Was there natural selection before any genetic material? If so, what was selected? And how could the advantageous characters of a gene-free protocell have been passed down more than a generation or two before being diluted out? De Duve does not confront this latter question directly, but it lies at the heart of scenarios for the origin of life.

Was RNA the first genetic material? And if so, where did it come from? Adenine and the other nitrogenous bases have been synthesized under conditions that might have been locally present on the early Earth, but as de Duve points out, we are totally mystified by how nucleotides might have appeared.

What were the first energy-utilizing pathways? Glycolysis and the Krebs cycle, or electron transport supplied by energy-rich molecules such as hydrogen sulfide and driven by proton gradients across a membrane-bound vesicle? De Duve votes for glycolysis, while Jeff Bada and I have voted for a simple form of electron transport, but it is impossible at the moment to decide which, on the basis of phylogeny, could have come first. Both scenarios have huge problems.

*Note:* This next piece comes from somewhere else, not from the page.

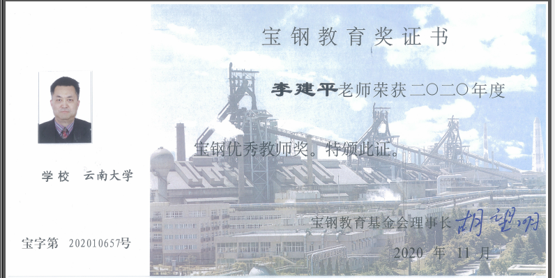 下一篇:李建平老师获云南省高校教师教学名师奖证书
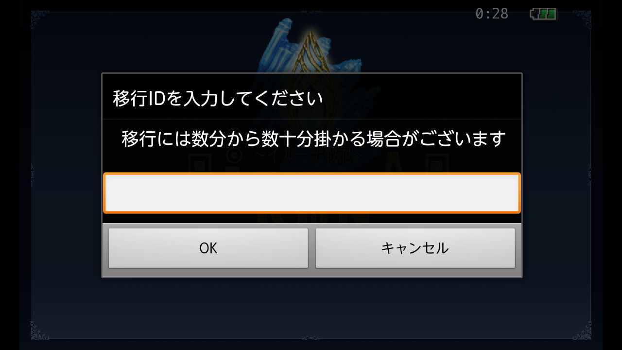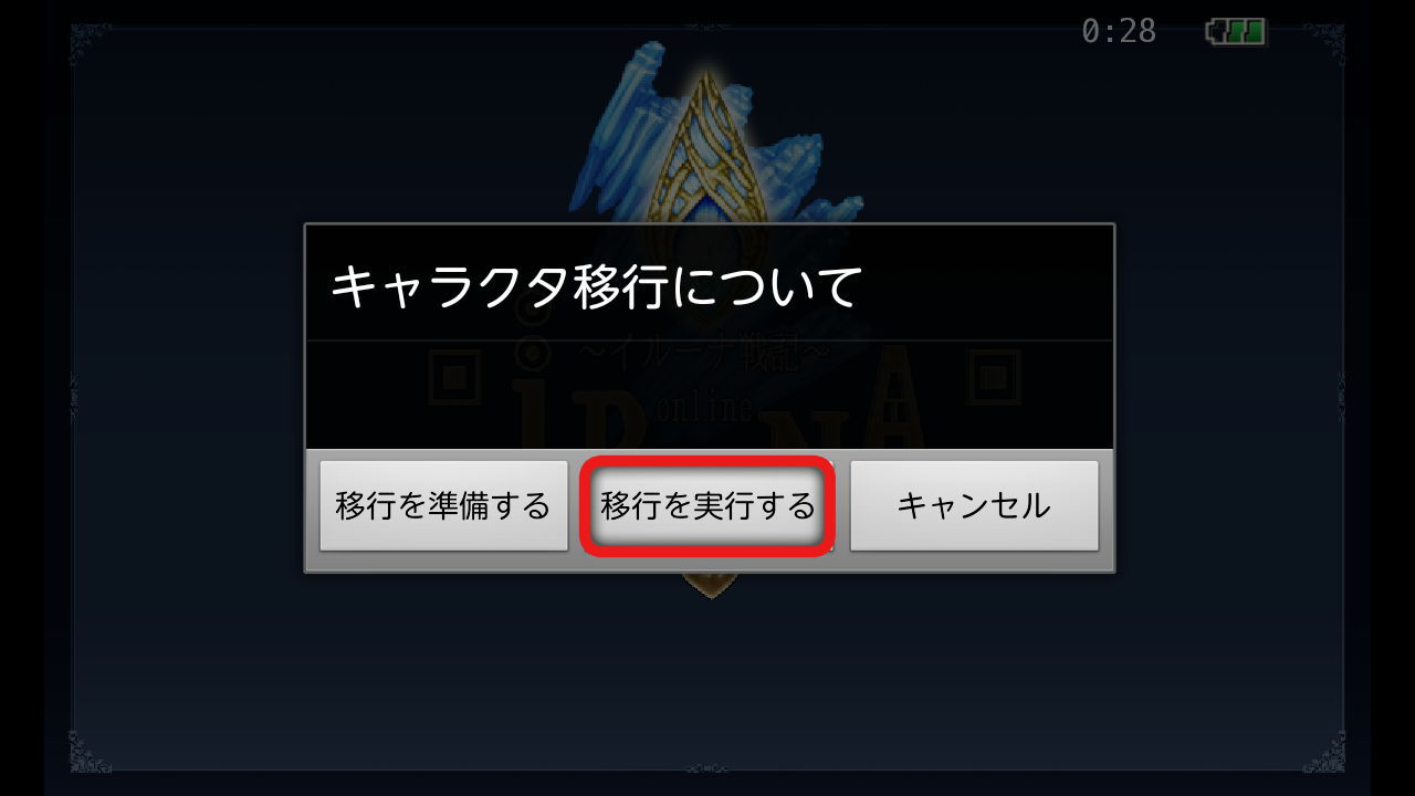 移行コードを入力して「移行実行」する際 : プレイ中のゲームデータに対し、上書きする形で移行が実行されます。

De Duve also examines what phylogenetic analysis can tell us about later singularities, such as the origin of eukaryotic cells and the origins of chloroplasts and mitochondria. His discussion of these matters, about which we have a good deal more evidence than we do about the origin of life, is extremely cogent and interesting. He traces the possible scenarios for eukaryotic cells' acquisition of mitochondria, giving a balanced view that includes possible multiple origins for the hydrogenosomes that are derived from mitochondria, and raises the question of how mitochondria might have survived in eukaryotic cells before there was enough free oxygen for them to carry out their current functions.

De Duve's book is always logical and balanced, and it is scrupulously fair to all the workers in the field. There are, of course, many other things I would have enjoyed having him discuss. For example, while we can only speculate about the singularities of the distant past, it may be possible to examine singularities in present-day experiments on the origin of life. Imagine a chip with thousands of little wells, each occupied by a tiny membrane-bound protocell incorporating different combinations of proteinoids and nucleotide building blocks. Present-day technology, using light-emitting reactions, would allow the experimenter to pick out the protocell that was most efficient at making ATP from ADP, or making a dipeptide from two amino acids. Multiplication of that protocell and transfer of its daughters to a new set of wells might allow us to find out if Darwinian selection can take place even without the aid of genes.

Once or twice de Duve reveals his regrets that more experiments are not being done to investigate such processes. And he makes one giant prediction: He claims that prebiotic chemistry has a large component of deterministic necessity and that life on other worlds will be found to resemble ours closely at the biochemical level. We may soon see how this prediction pans out.